“Nih, daripada pengangguran, kau
harus bekerja. Bantu orang tuamu mencari uang. Kerjakan apapun asal halal. Memangnya kau akan menganggur sampai kapan?
Walau wanita, tapi pekerjaan harus dimiliki.”
Uang, uang, uang! Sepertinya di
mata nenek, selalu saja uang. Setiap hari nenek ke rumahku, dan rutin
mengatakan bahwa aku lebih baik bekerja. Sebenarnya tidak ada yang salah dari
ucapannya, hanya saja, saat ini aku ingin istirahat sejenak. Baru saja kemarin
aku ditimpa ujian hati, pikiran, dan mental.. Kali ini ada rintangan baru. Mengapa seperti tidak ada yang peduli pada
perasaanku? Aku hanya… aku hanya membutuhkan istirahat untuk kembali bangkit.
Tapi memang tak ada seorang pun yang peduli, selain diri sendiri. Kuiyakan
‘pepatah’nya dan mulai mencari pekerjaan.
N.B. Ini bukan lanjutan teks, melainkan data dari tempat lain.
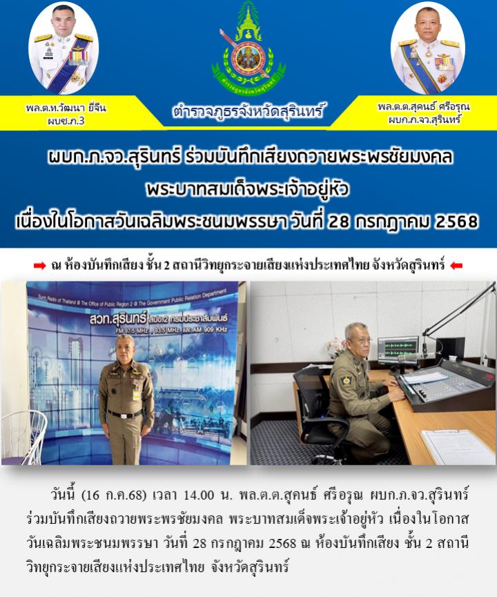 17 ก.ค. 2568 10:47:09 วันนี้ (16 ก.ค.68) เวลา 14.00 น. พล.ต.ต.สุคนธ์ ศรีอรุณ ผบก.ภ.จว.สุรินทร์ ร่วมบันทึกเสียงถวายพระพรชัยมงคล พระบาทสมเด็จพระเจ้าอยู่หัว เนื่องในโอกาสวันเฉลิมพระชนมพรรษา วันที่ 28 กรกฎาคม 2568 ณ ห้องบันทึกเสียง ชั้น 2 สถานีวิทยุกระจายเสียงแห่งประเทศไทย จังหวัดสุรินทร์...
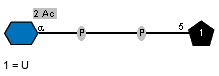 | Enzyme name: QhbA (WeeI) Enzyme GenBank ID: DAA64737.1* | Synthesized dimer: S3HOBut(1-4)aDQuipN4N Acceptor (ID 35223): Ac(1-2)aDQuipN4N(1-P-P-5)xXnucU Status: evidence in vitro Confirmation methods: Crictallographic analysis ID: 3849 Notes: gene cluster name: KL39 | Organism (ID 6514): Acinetobacter baumannii AYE Full structure (ID 35224): Molecule role: activated monosaccharide | Kenyon et al. 2016b DOI: 10.1099/mic.0.000313 Morrison et al. 2013 DOI: 10.1016/j.abb.2013.05.011 |
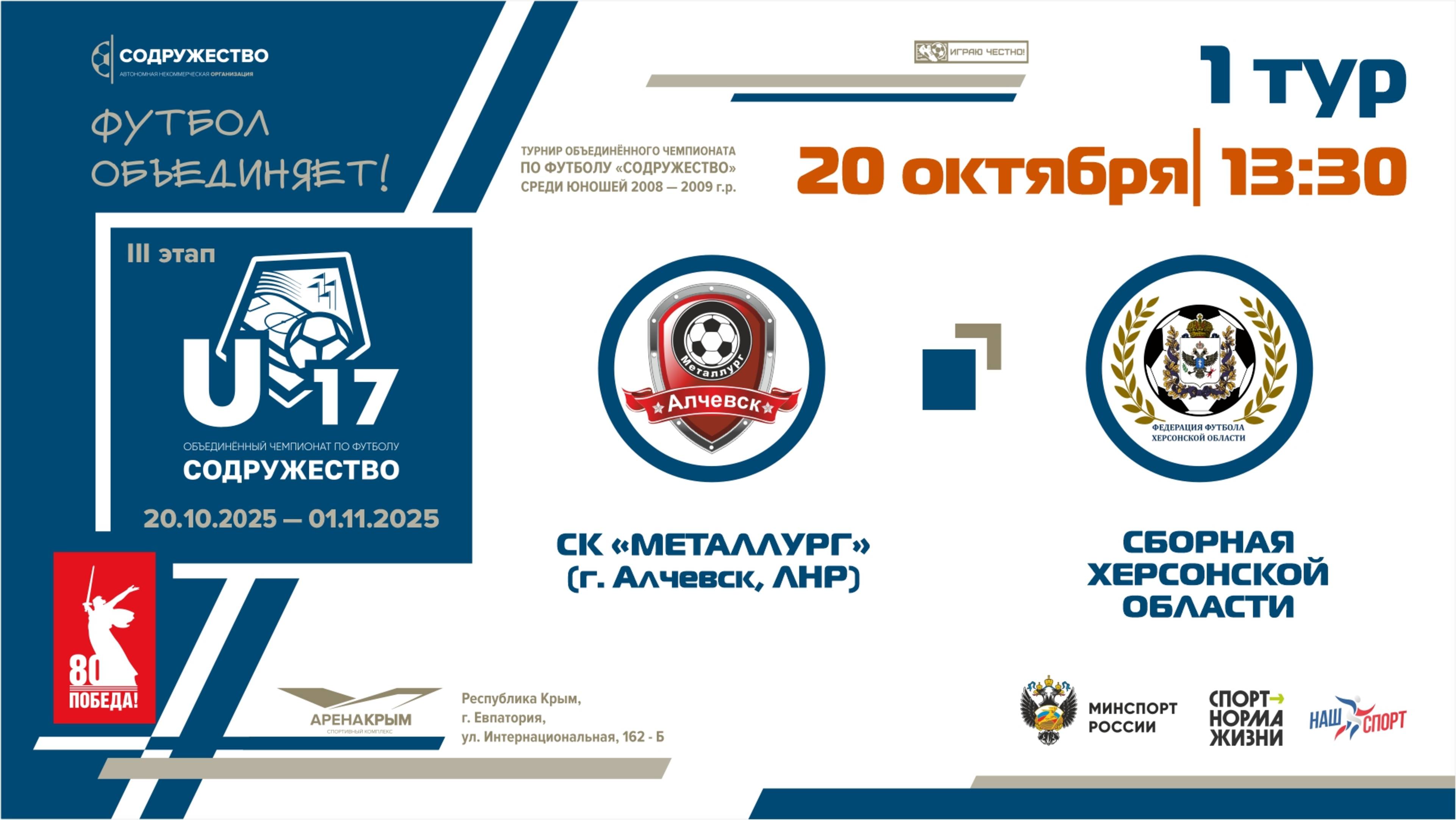1 ТУР | U-17 | СК «Металлург» (г. Алчевск, ЛНР) – Сборная Херсонской области | 20.10.2025
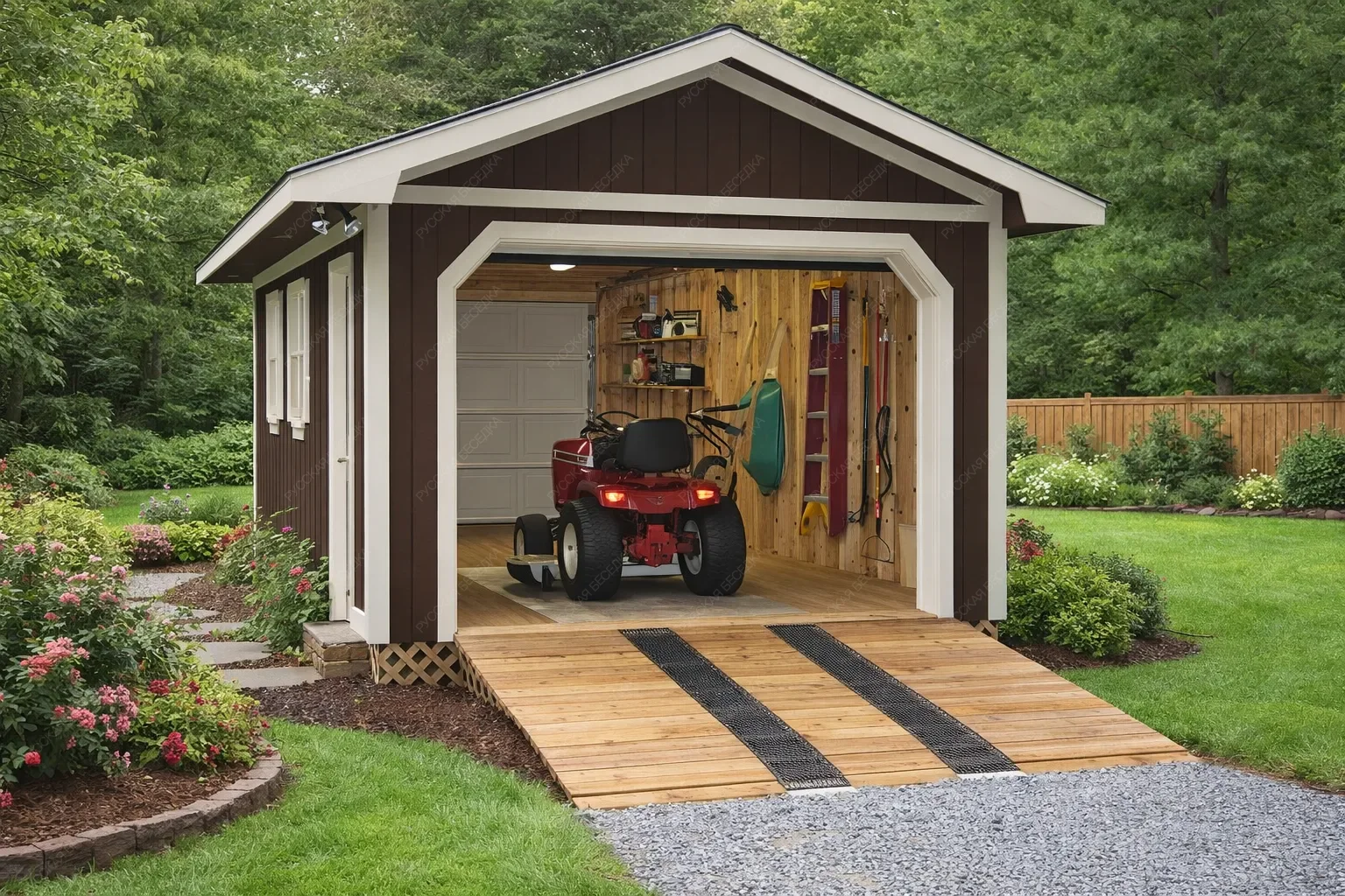 Деревянный гараж для мотоциклов и квадроциклов — это специализированное сооружение, созданное для надёжного хранения мототехники и сопутствующего оборудования. Прочная конструкция из натуральной древесины обеспечивает оптимальный микроклимат внутри: материал дышит, предотвращая скопление влаги и образование коррозии на металлических деталях, а также защищает от резких перепадов температур. Это идеальная среда для сохранения работоспособности двигателей, ходовой части и внешнего вида техники в межсезонье и во время длительного простоя. Внутреннее пространство организовано с учётом потребностей владельца: предусмотрены полки и стеллажи для размещения шлемов, защитной экипировки, инструментов, запасных частей и расходных материалов. Всё необходимое всегда под рукой, а порядок внутри гаража позволяет быстро подготовиться к выезду или провести техническое обслуживание. Продуманная система хранения исключает беспорядок и экономит время. Внешний вид строения гармонично вписывается в любой ландшафт, будь то загородный участок или территория загородного дома. Древесина придаёт естественность и экологичность, а при желании гараж может быть окрашен в любой цвет или покрыт защитными составами для увеличения срока службы. Конструкция рассчитана на высокие нагрузки, устойчива к ветру и осадкам, что гарантирует сохранность мотоциклов и квадроциклов даже в суровых погодных условиях. Инвестиция в такой гараж — это вложение в долговечность техники и собственное спокойствие.

Tunggu, kutarik perkataanku barusan.
Maksudku, benar-benar tidak ada seorang pun yang peduli pada diriku termasuk
diriku ini.
Hari-hari berlalu di waktu
berikutnya kuhabiskan untuk mencari uang dengan menjadi guru TK, bersama
anak-anak. Mereka selalu bahagia bagaimanapun kondisi mereka, sehingga
menciptakan suasana ceria dalam kelas. Aku pun, menjadi pribadi yang melupakan
kegagalanku ketika SBMPTN kemarin, padahal kejadiannya belum lama terjadi.
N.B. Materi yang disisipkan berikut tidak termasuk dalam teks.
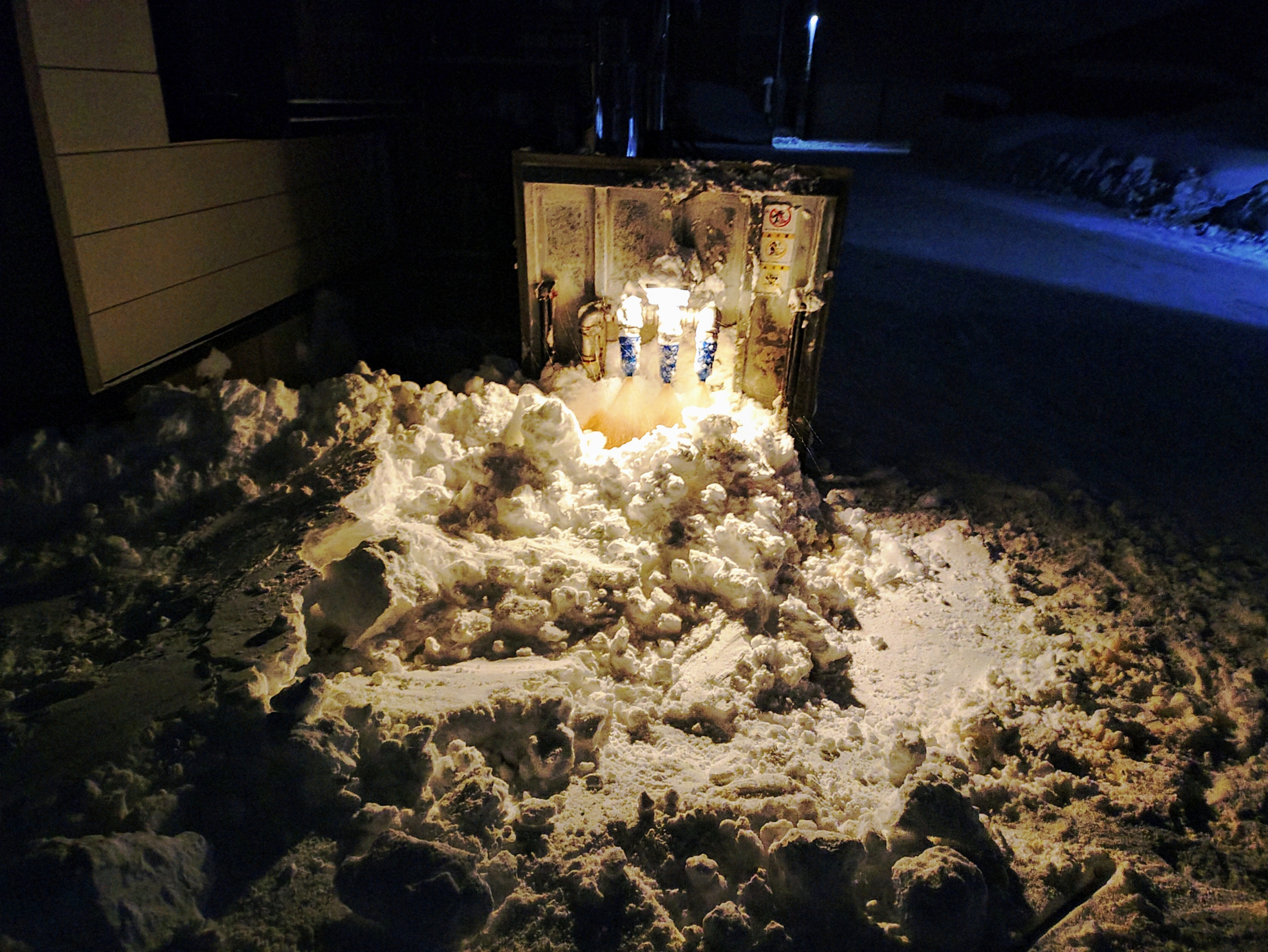 昨夜からの雪が多くて、人力だけでは間に合わず融雪装置を使います。灯油で熱水にして3本のノズルから噴射して溶かします。ゆうらく号という器械です。

Semakin lama aku mengajar, semakin
paham betul diriku terhadap poin-poin penting di rutinitas dalam bekerja. Bel
sekolah berbunyi ketika pukul 8 pagi, pertanda kegiatan akan dimulai. Di awal
menit, guru harus siap menyapa dengan senyuman hangat. Anak-anak berbaris di
depan kelas untuk menyanyikan lagu-lagu anak, kemudian memeriksa kebersihan
tubuh, lalu masuk kelas untuk lanjut melantunkan surah-surah, hadist-hadist,
serta doa sehari-hari bersama-sama. Hal yang sulit di waktu ini adalah, ketika
mendapati seorang anak, atau dua anak, yang enggan ditinggal oleh ibunya.
Bahkan ada yang sampai menangis, menjerit-jerit tak mau sekolah, dan
sebagainya. Di sini lah perjuangan guru TK yang pertama, harus mengandalkan
bujukan penuh kasih sayang disertai ekstra hati-hati, supaya anak merasa aman
dan nyaman dan terbujuk untuk bersekolah. Ada dua pilihan yang bisa didapat.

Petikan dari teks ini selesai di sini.